Jorge Herrero

Personal information
- Full name: Jorge Herrero Arias
- Date of birth: 18 June 1983 (age 42)
- Place of birth: Jerez de la Frontera, Spain
- Height: 1.78 m (5 ft 10 in)
- Position(s): Midfielder

Youth career
- 1999–2002: Xerez

Senior career*
- Years: Team / Apps / (Gls)
- 2002–2004: Xerez B
- 2003–2004: Xerez / 6 / (0)
- 2004–2008: Portuense / 88 / (5)
- 2008–2009: Linense / 33 / (0)
- 2009–2010: Jerez Industrial / 15 / (0)
- 2010–2011: Villanovense / 50 / (6)
- 2011–2013: Sanluqueño / 61 / (12)
- 2013–2017: San Fernando / 122 / (18)
- 2017–2019: Xerez Deportivo / 64 / (7)
- 2019–2020: Los Barrios / 12 / (1)
- 2020–2021: Rota / 29 / (3)

= Jorge Herrero =

Spanish footballer (born 1983)

Jorge Herrero Arias (born 18 June 1983) is a Spanish former footballer who played as a midfielder.

==Club career==
Born in Jerez de la Frontera, Province of Cádiz, Andalusia, Herrero finished his youth career with local Xerez CD, and made his senior debut with the reserves in 2002. On 13 September 2003 he appeared in his first game as a professional, starting in a 1–1 away draw against Elche CF in the Segunda División; he finished the season with seven first-team appearances, being subsequently released.
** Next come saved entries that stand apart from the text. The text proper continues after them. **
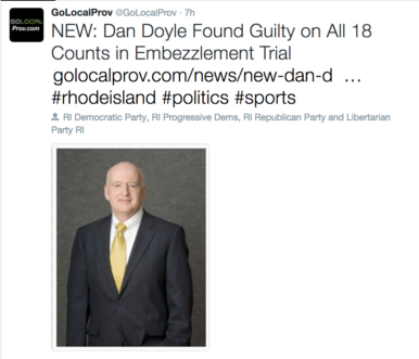Attorney General Peter F. Kilmartin announced that Daniel Doyle (age 67), of West Hartford, CT, was found guilty on December 5 by a Washington County Superior Court jury on all 18 counts charged in the Institute for International Sport embezzlement case. Doyle was found guilty of seven counts of embezzlement, one count of obtaining money under false pretenses, five counts of forgery, and five counts of filing a false document.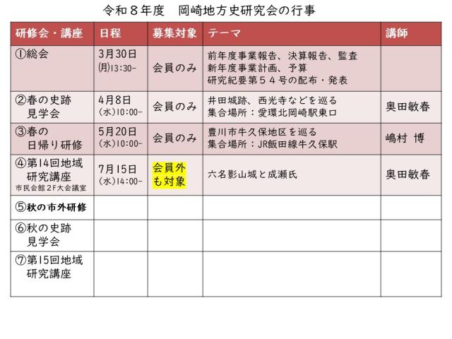 令和8年2月15日発行の岡崎地方史研究会便りで案内されています、新年度前半の行事を掲載します。 会員...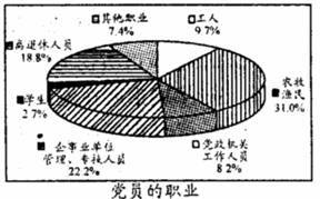 右图为2003-2008年中国共产党党员职业情况。由图可以看出中国共产党
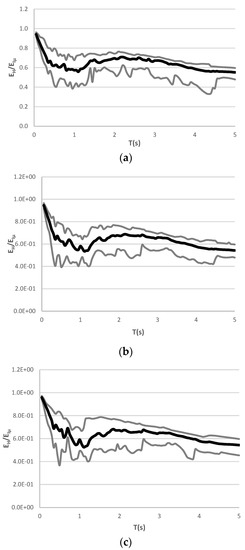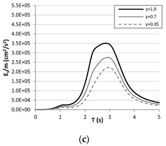 The EIμ spectra were calculated with the aim of studying the energy demands in the inelastic range. A total of 2268 response spectra and 81 average spectra were obtained with the seismic records and structural characteristics indicated above. A total of twenty-seven average spectra were plotted (Figure 8, Figure 9 and Figure 10), where it can be seen that their spectral shape is very similar to that of the EI spectra throughout the period interval, i.e., with a maximum plateau at the threshold of the ground period and with values equal to zero in very short or long periods. As in the case of EI, the aftershocks again showed a great influence on the energy demands, increasing the demand as the seismic intensity also increases. For example, the value of the EIμ for intensities of γ = 1.0 is almost two times at its maximum peak with respect to the aftershocks of γ = 0.35, as can be seen in Figure 8a–c for an elastoplastic model with a ductility value of 2 and different damping ratios, in such a way that the potential of aftershocks in the amount of inelastic energy is very important.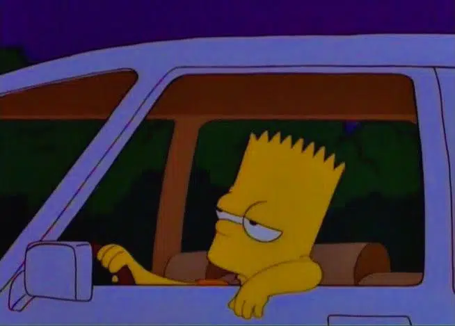 I hop in. Lenny drives. Carl is in the back. I connect to the aux. We peel off. Window down, the night air on my face feels liberating. Lenny takes us past Springfield Elementary, the First Church of Springfield and the Retirement Castle. We don't talk much, letting the hum of the engine and the bass of the music fill the void.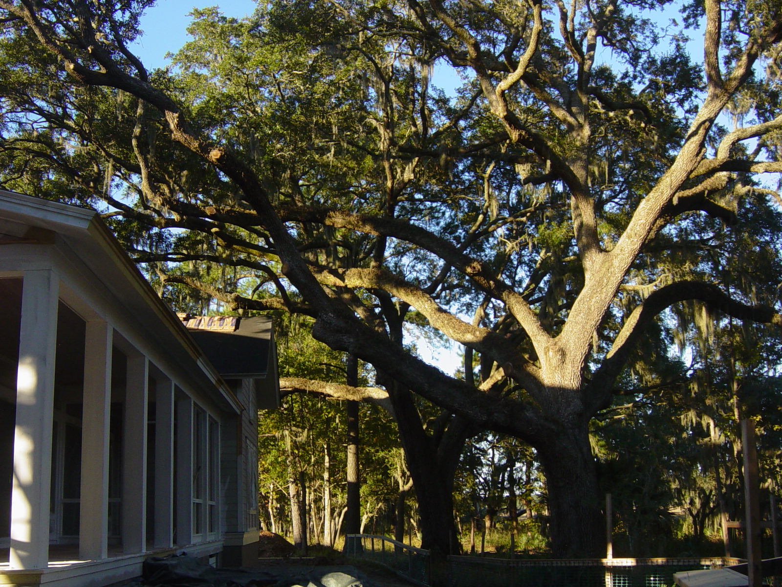 November 7, 2008 -- These are two of the four majestic live oaks that overhang and shade the rear of the house. | ![]() |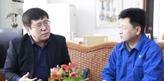 2014年春節(jié)前夕,玉林市委書記王凱慰問林志強(右)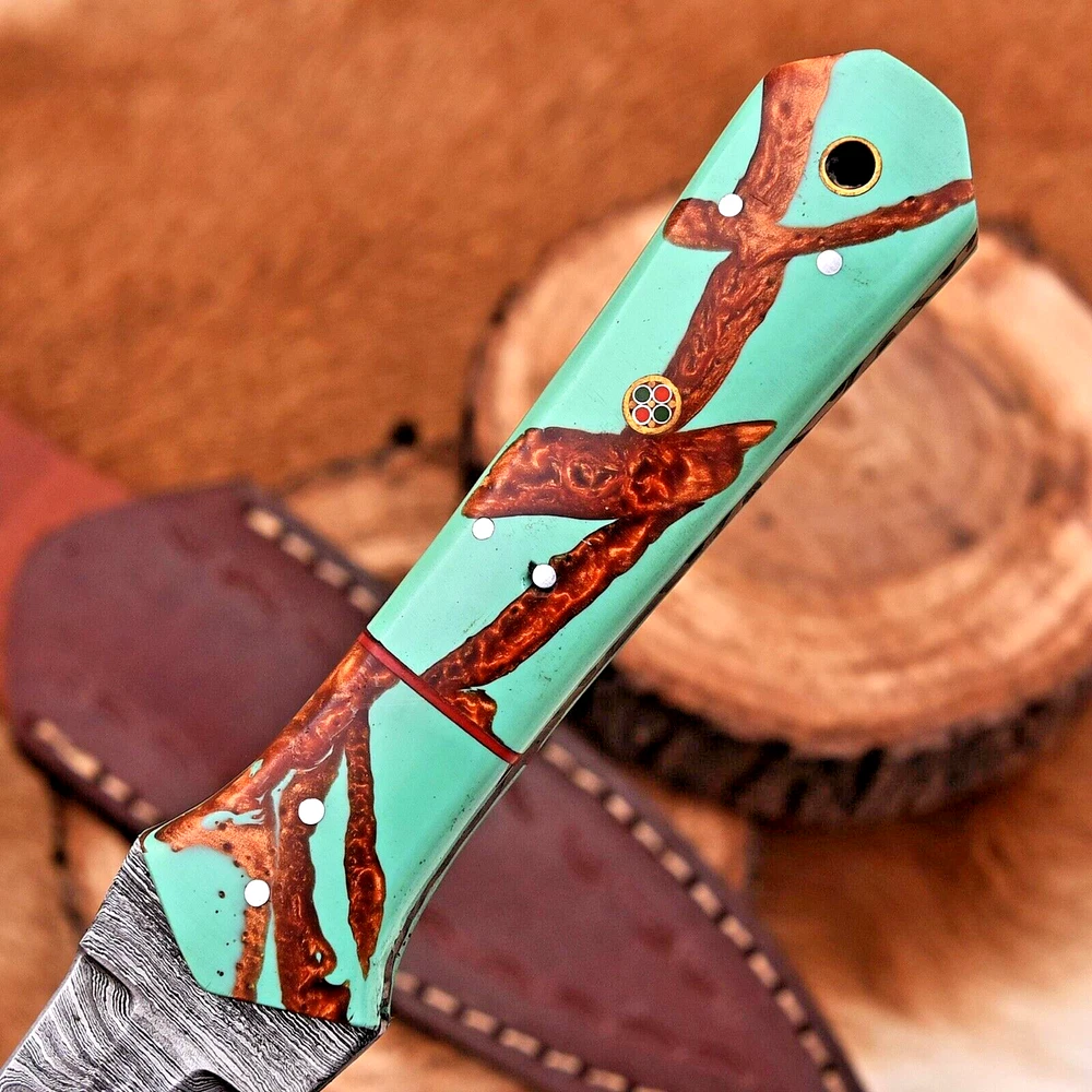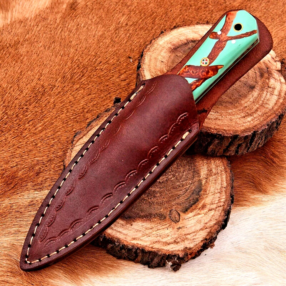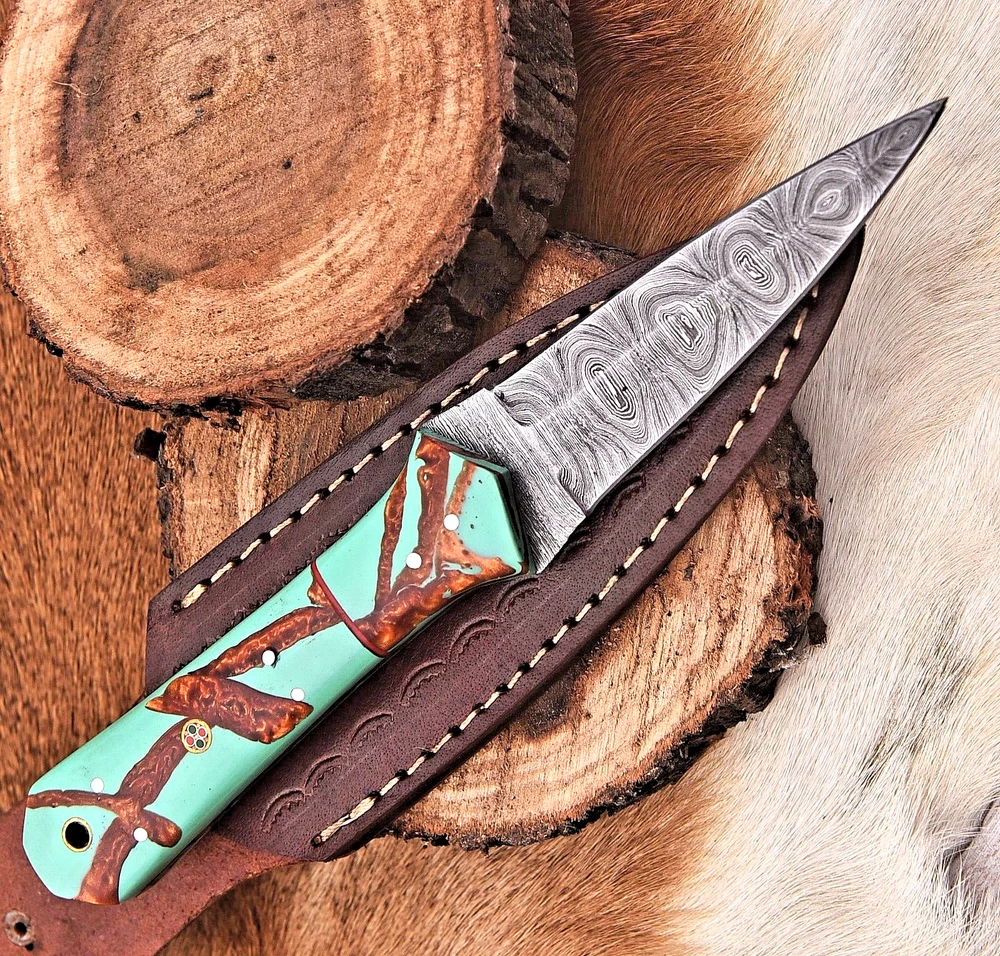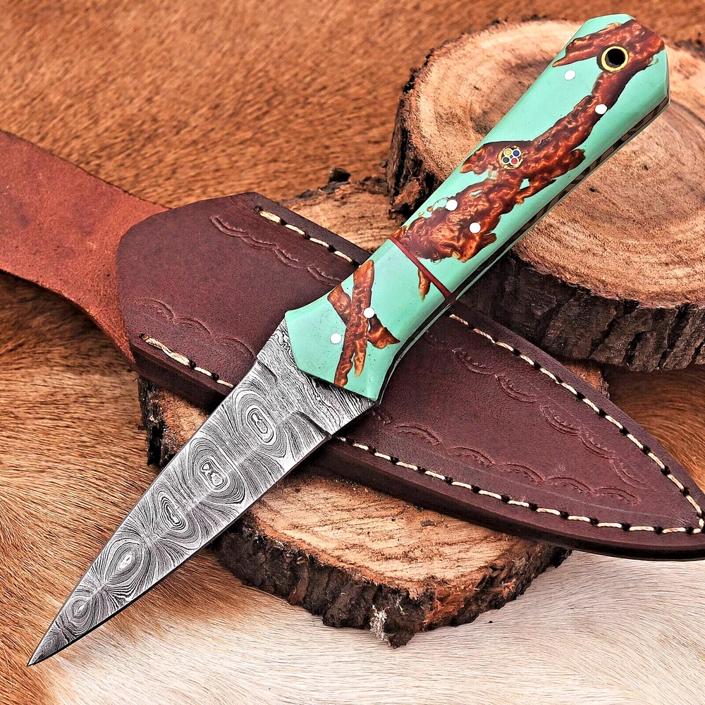CUSTOM HAND MADE HAND FORGED DAMASCUS STEEL BOOT KNIFE HUNTING CAMPING SURVIVAL Resin Handle This superb design knife is hand forged. Blade of this knife has a nice file work and is made of 512 layers of 4340 stainless steel and 1075 high carbon steel and hardness 55-58 HRC . This robust knife is lab tested under intense conditions, the balance and shape of this knife ensures perfect grip. Overall Length: 9" Inches Blade Length: 4" Inches Handle Length: 5" Inches Damascus Design: Twist Pattern Layers: 512 Package Includes: with Leather Sheath Warning: Keep fingers clear of blades. Store away from children.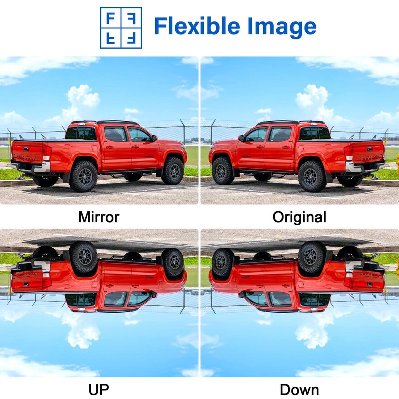 -Intelligent switch can on/off guide lines, switched mirrored/facing view makes the backup cameras can used for front facing camera.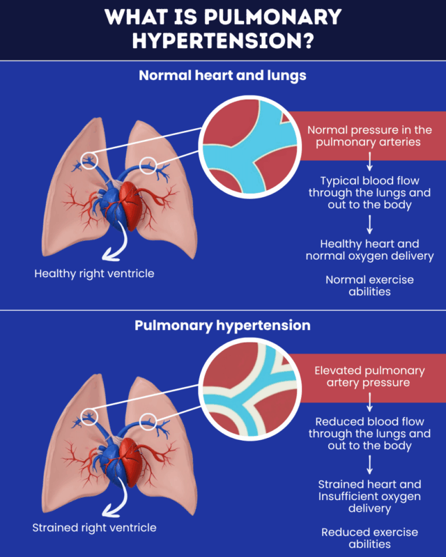 For people with these conditions, the heart has to work harder to pump blood through the lungs. This compromises oxygen delivery to the body and leads to heart strain or right heart failure.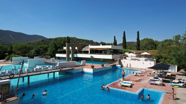 Tutte le piscine sono a vostra disposizione per uso comune. Piscina esterna (aperta da inizio aprile a metà ottobre, 40 m x 50 m, 1 m di profondità).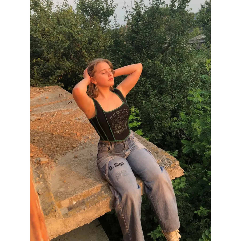 👗 Styling Tip: Pair this whimsical corset tank with high-waisted denim shorts and chunky platform sandals for a boho-chic look. Add a floppy hat and layered necklaces for a touch of wanderlust-inspired style.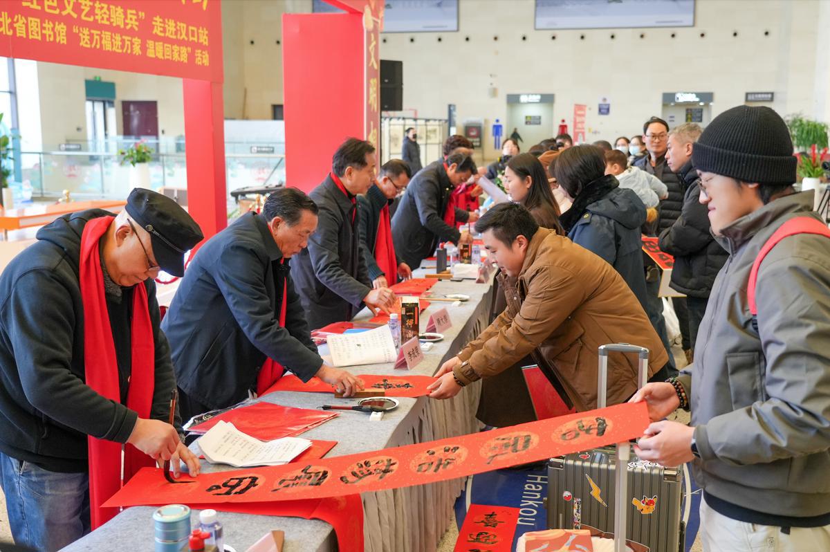 同一时间,武汉站东进站口活动现场,魏启荣、黄文平、张传斌、毛羽、陈利平、胡常青、陈继武、鲁战平、扬秀杰、刘伟、郭海生等书法家们挥毫泼墨,将一副副寓意吉祥的春联和福字赠予旅客,桌前墨香四溢,排队的旅客络绎不绝。两名民间文艺家的展台也是大受欢迎,国家级非遗云梦皮影戏市级传承人陈红军表演了一场精彩绝伦的皮影戏,国家级非物质文化遗产仙桃雕花剪纸代表性传承人严洁带着她的作品向旅客们讲解着其中的奥秘。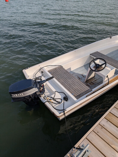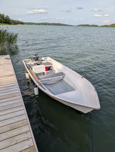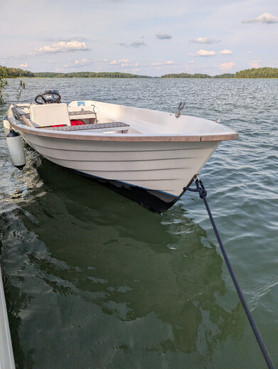 Hyväkuntoinen pieni ja kevyt pulpettivene.

Subsequently, Herrero resumed his career in the Segunda División B and Tercera División, representing Racing Club Portuense, Real Balompédica Linense, Jerez Industrial CF, CF Villanovense, Atlético Sanluqueño CF, San Fernando CD, Xerez Deportivo FC, UD Los Barrios and CD Rota.

==Personal life==
Herrero's younger brother, Bruno, was also a footballer and a midfielder. He too represented Xerez and San Fernando.